Только теперь Маттео заметил незнакомую девчонку, сидевшую на табурете в углу кухни.
— Наверное, — растерянно сказала девочка. — Не знаю. Я никогда еще не облизывала поварешек.
— Ужас! — воскликнула Франсуаза. — В этой Флоренции воспитание детей никуда не годится! Они голодают! Познакомься, Маттео, это твоя новая сестра.

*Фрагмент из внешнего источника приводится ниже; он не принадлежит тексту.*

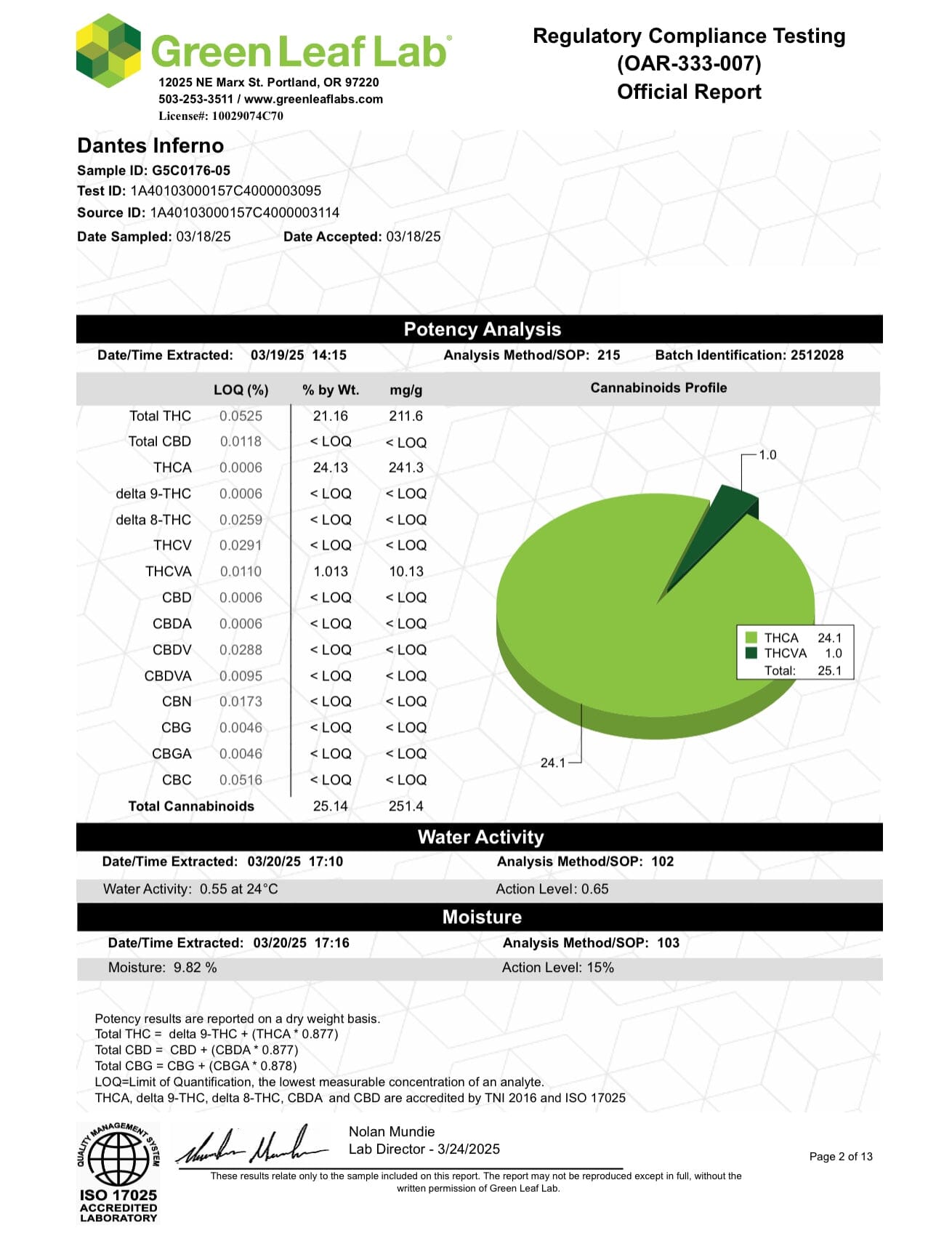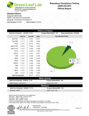 Limited Time! Indoor Dante's Inferno is a big bag-appeal exotic that pairs the popular OreoZ with Devil Driver. This bud has a nice flavor profile that is centered around vanilla, berries & cream and mixed fruits. This 70/30 indica dominant hybrid is best recommended for evening use. Dante's Inferno provides extreme cerebral effects with full body relaxation. THC-A is a natural cannabinoid found in hemp flower. No conversion or infusion method is used in this product.
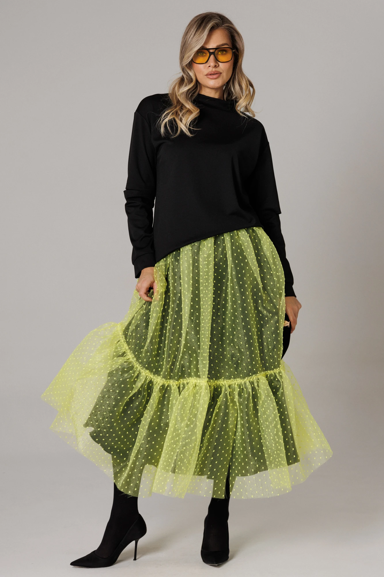 Оригинальный женский комплект от бренда Anastasia, идеальный для любого случая. Этот костюм сочетает в себе элегантность и комфорт, что делает его подходящим как для повседневной носки, так и для праздничных мероприятий. Джемпер оверсайз из трикотажного полотна. Прямого силуэта со спущенным плечом. Воротник-стойка. По рукаву идет подрез с разрезом. Низ рукава и низ джемпера - на манжете. Джемпер лекго сочетается с любыми низами: брюки, джинсы, юбка. Юбка макси из 2-х видов ткани: верх с отрезным валаном из органзы, подкладка юбка солце из шифона. Пояс на декоративной резинке. Фасон универсален, а использование резинки на поясе повышает комфортность носки, позволяя юбке адаптироваться под индивидуальные особенности фигуры. Юбку легко сочетать с различными верхами: топ, блузка, футболка, кружевной жакет, свитер или жакет из тексиля - все это позволит создавать различные образы на разные случаи. Длина по спинке 68см. Длина рукава (с манжетой): 60см. Длина юбки: 90 см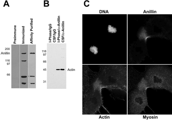 Figure 1. Characterization of X. laevis anillin. (A) Western blot of 20 ô°g of crude X. laevis egg extract with preimmune serum, immunized serum, and affinity-pu- rified antibody. (B) Coimmunoprecipitation of anillin and actin from Xenopus egg extracts. Lane 1, interphase extract precipitated with rabbit IgG; lane 2, CSF extract precipitated with IgG; lane 3, interphase extract precip- itated with anti-anillin; lane 4, CSF extract precipitated with anti-anillin. (C) immunofluorescence images XTC cells stained for DNA, anillin, actin, and myosin II. |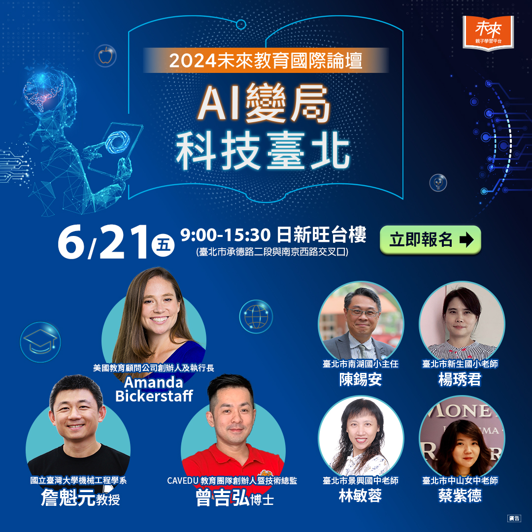 一、為因應人工智慧(AI)、STEAM教育及數位科技的迅速發 展,本局規劃辦理旨揭論壇,論壇主題將聚焦於「人工智 慧世界中的教育機會」及「AI賦能下的STEAM教育」等主 題,旨在提供親師生成式AI、STEAM教育及數位科技發展之 國內外趨勢,並透過實務案例分享,協助親師有效應對未 來科技對教育影響,旨揭活動資訊說明如下: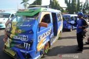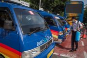 Anggota Tagana menyemprotkan disinfektan pada angkutan kota (angkot) di Padang, Sumatera Barat, Selasa (17/3/2020). Pemkot Padang melalui taruna siaga bencana (tagana) Dinas Sosial bersama Dinas Perhubungan melakukan penyemprotan disinfektan di sarana transportasi umum seperti bus trans Padang dan angkutan kota (angkot) guna mencegah penyebaran COVID-19. ANTARA FOTO/Iggoy el Fitra/pras.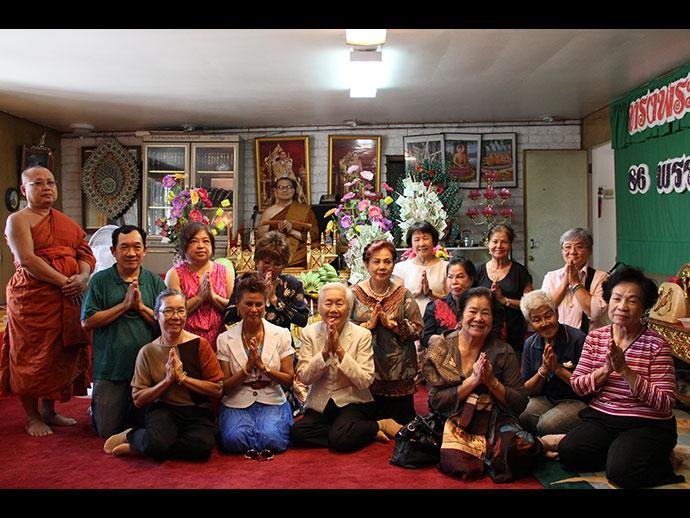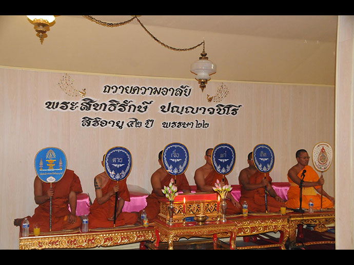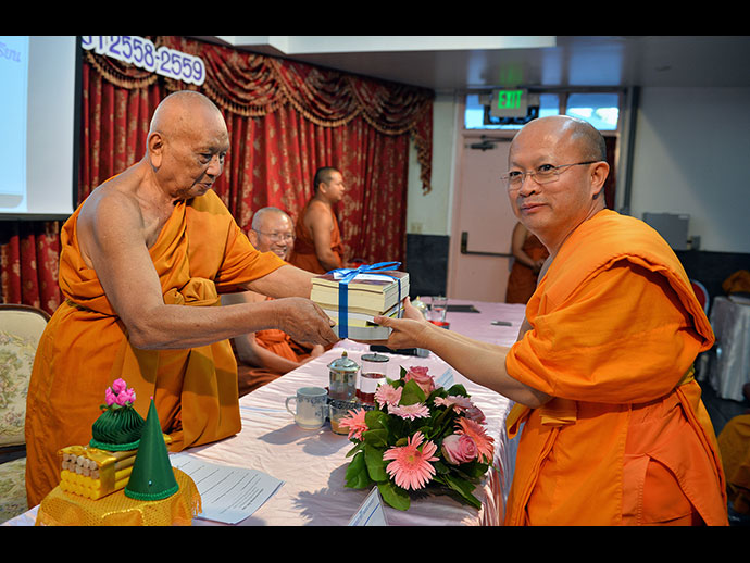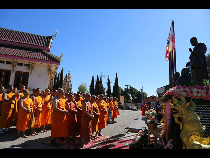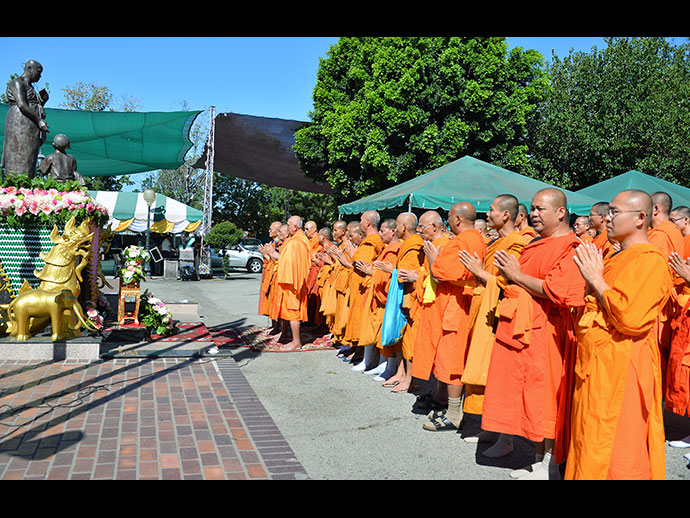 งานบุญพิธีครบรอบวันมรณภาพ “หลวงเตี่ย” พระธรรมราชานุวัตร อดีตประธานอำนวยการและเจ้าอาวาสวัดไทยฯ รูปที่ 3 เมื่อวันอาทิตย์ที่ผ่านมา พระสงฆ์ธรรมทูตจากวัดต่างๆ ในเขตแอล.เอ.และใกล้เคียงจำนวน 69 รูป รับบิณฑบาตจากญาติโยม รอบๆ อุโบสถศาลาแล้ว ได้พร้อมใจกันประกอบพิธีสักการะบูชา คุณหน้าอนุสาวรีย์หลวงเตี่ย หลวงพ่อใหญ่ ท่านเจ้าคุณ พระเทพมงคลวิเทศ วางพานดอกไม้สักการะ ครูอาสาประจำการ 1 ปี ขับเสภาสดุดีเกียรติคุณหลวงเตี่ยแล้ว หลวงพ่อใหญ่ นำพระสงฆ์ สวดสังฆคุณ 3 จบ บูชาคุณหลวงเตี่ย แล้วขึ้นสู่อุโบสถศาลา ฟังพระธรรมเทศนาโดย ท่านเจ้าคุณพระราชพุทธิ วิเทศ ประธานสมัชชาสงฆ์ไทย แล้วพระสงฆ์สมณศักดิ์ 10 รูป สวดธรรมนิยามสูตร แล้วพร้อมใจกันถวายภัตตาหารเพล

Маттео ошарашенно посмотрел на девочку.
— Пока я бегал на жеребьевку, ты соорудила мне сестру? — спросил он. — Папка, а ты куда смотрел? Мама совсем распоясалась.
— Я смотрел в газету, — объяснил папа.
— Это дочь моей двоюродной сестры Амалии из Флоренции, — сказала мама. — Она приехала на четыре дня, посмотреть палио. Ты ей все покажешь и расскажешь.
— Я и не знал, что у тебя есть сестра во Флоренции, — удивился Маттео.
— Я тоже, — отмахнулась мама. — Но она говорит, что есть. Ей виднее.
Мама взяла мутовку и стала энергично взбивать мороженое с фруктами.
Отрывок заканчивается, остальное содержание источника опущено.